The gene-altered seed variety has never been marketed commercially but tiny amounts were detected last year in Canadian seed, Monsanto Co. spokesman Loren Wassell said Monday.
Getting approval for the crop from the Agriculture Department and Food and Drug Administration would ensure that discovery of the seed in U.S. supplies would not disrupt trade, Wassell said.
The biotech proteins in the canola were approved for food use by the Environmental Protection Agency in the 1990s, he said.
Canola is a popular source of cooking oil because it is relatively low in saturated fat.
The gene-altered variety, GT200, was approved for production in Canada but not in the United States because Monsanto decided to market a slightly different variety, known as RT73, Wassell said. Both varieties are engineered to be immune to Monsanto's powerful Roundup weedkiller.

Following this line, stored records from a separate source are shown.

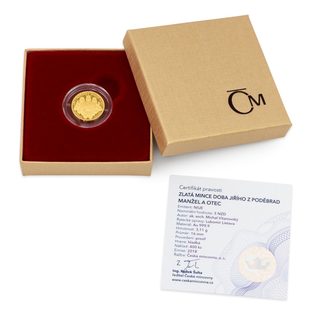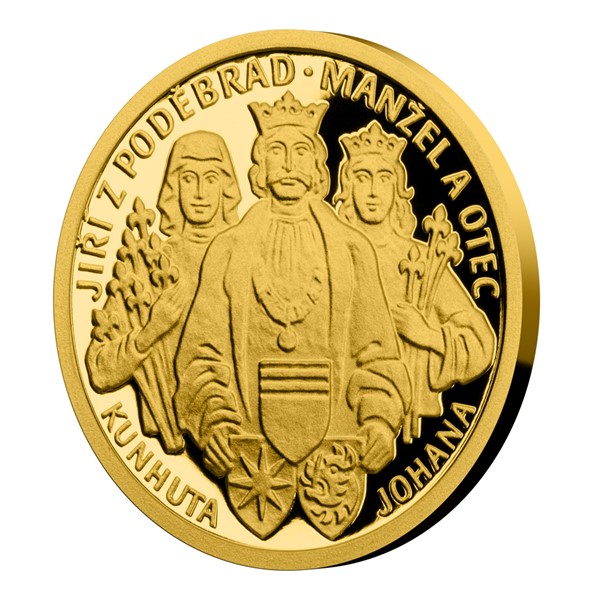 Jiří z Poděbrad byl dvakrát ženatý a zplodil celkem deset dětí. Obratnou sňatkovou politikou navázal silné vztahy s mnoha mocnými šlechtickými rody, a pokračoval tak ve snaze zajistit Českému království místo na slunci. Závěrečná zlatá mince České mincovny z minisérie Doba Jiřího z Poděbrad proto náleží králi v úloze manžela a otce.
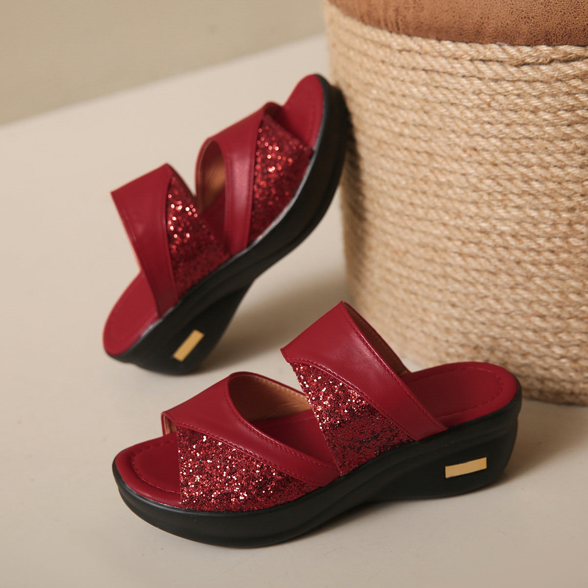 Dámske ortopedické sandále s vysokými podpätkami a brokátom-SK
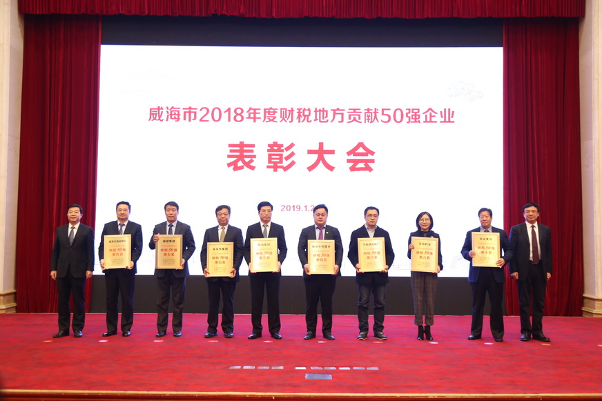 1月26日下午, 威海市2018年度财税地方贡献50强企业表彰大会举行,在受到表彰的纳税企业50强名单中,门徒娱乐 集团名列第10名。王玉春董事长接受了市领导王鲁明、张海波的颁奖并合影。

No GT200 has been detected in tests of U.S. seed, Wassell said.
The Food and Drug Administration must determine whether the biotech crop is substantially the same as canola that is bred by conventional means. The Agriculture Department decides whether it poses a risk of environmental harm and proposed in February to grant the approval.
The department solicited public comment on Monsanto's request in March but has not made a decision, said spokeswoman Alisa Harrison.

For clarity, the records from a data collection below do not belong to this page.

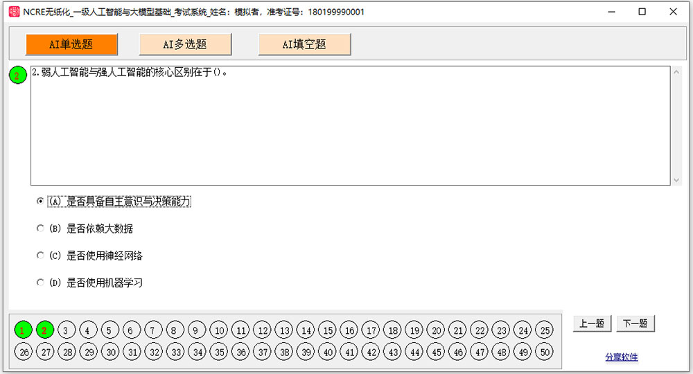 一级人工智能与大模型基础考试采用无纸化考试,上机操作。
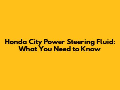 Honda City Power Steering Fluid: What You Need To Know
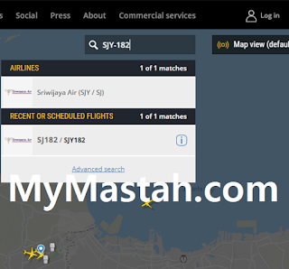 1. Pengecekan kali ini saya dengan mudah dengan mengujungi website www.flightradar24.com , lalu cari menu pencarian ( search ) dan ketik kode penerbangan dalam hal ini saya memberi contoh yang saat ini SJY-182 terbaru
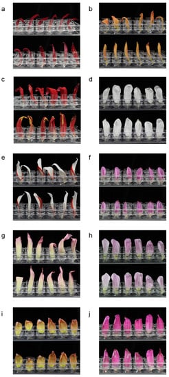 The effect of water supply on recovery from wilting in isolated petals of 10 cultivars. The upper panel shows petals on the day of wilting, and the lower panel shows petals 1 day after the start of water supply in each cultivar. (a) ‘Agitate’; (b) ‘Carnelian’; (c) ‘Garnet’; (d) ‘Kamakura’; (e) ‘LaLaLa’; (f) ‘Micchan’; (g) ‘Moon Waltz’; (h) ‘Namahage Cute’; (i) ‘Port Light Pair Beauty’; (j) ‘Rose Quartz’.
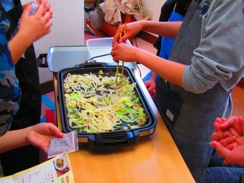 ホットプレートを使って野菜とうどんを炒め、子どもたちだけで「鶏ちゃん焼きうどん」を完成できました!
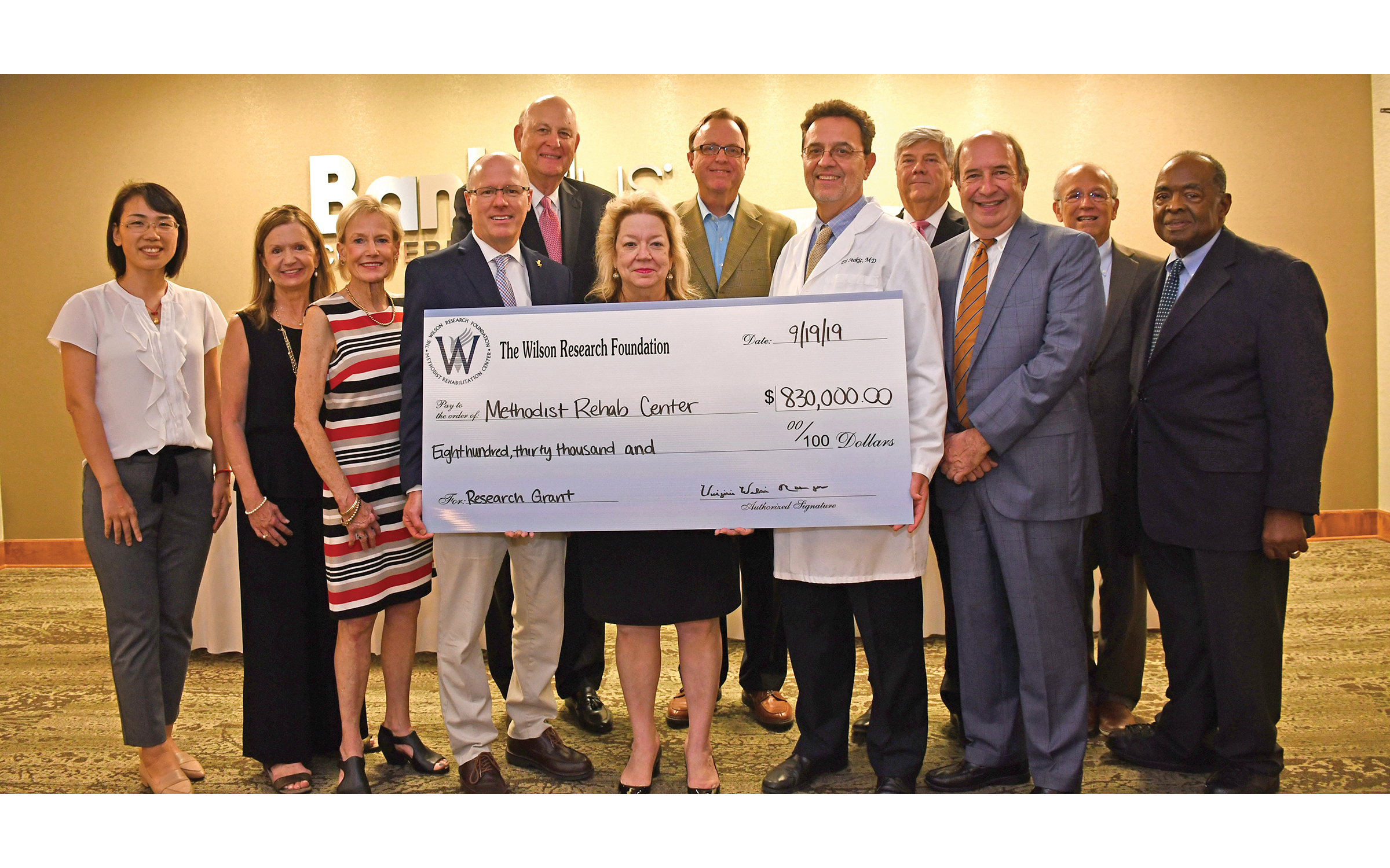The board of governors of the Wilson Research Foundation presented a grant in the amount of $830,000 to Methodist Rehabilitation Center. The donor-supported foundation serves as MRC’s fundraising arm, and the grant covers annual research and education initiatives to develop better treatments and outcomes for patients who suffer from a stroke, brain injury, spinal cord injury, amputation or other disabling condition. From left, Rita Sun, Kelley Fenelon, Katy Houston, Chris Blount, Gene Delcomyn, Ginny Mounger, Sam Lane, Dr. Dobrivoje Stokic, Matt Holleman, Cal Wells, Cy Rosenblatt and Dr. Robert Smith.

In a letter to the department last fall, Monsanto said GT200 "has the potential to be present in low, adventitious levels in commercial canola varieties."
FDA officials did not return telephone calls.

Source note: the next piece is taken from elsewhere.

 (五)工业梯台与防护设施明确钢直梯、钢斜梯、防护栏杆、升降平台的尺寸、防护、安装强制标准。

The biotechnology industry was embarrassed in 2000 when a variety of corn not approved for food use was found in taco shells and other foods. That corn variety, known as StarLink, was removed from the market, but the discovery led to national recalls of corn products and some temporary shutdowns of processing plants.
Unlike the biotech canola, StarLink was approved only for animal feed and industrial use because of unresolved questions about its potential to cause allergic reactions.
As a result of such incidents, the biotechnology industry is asking the Bush administration to set a standard that would allow for the accidental presence of unapproved ingredients in food. Anti-biotech activists would be certain to oppose such a move, however.
Joseph Mendelson, legal director of the anti-biotech group Center for Food Safety, said Monsanto's admission that trace amounts of GT200 canola might be in other seed amounted to "genetic pollution of our food supply."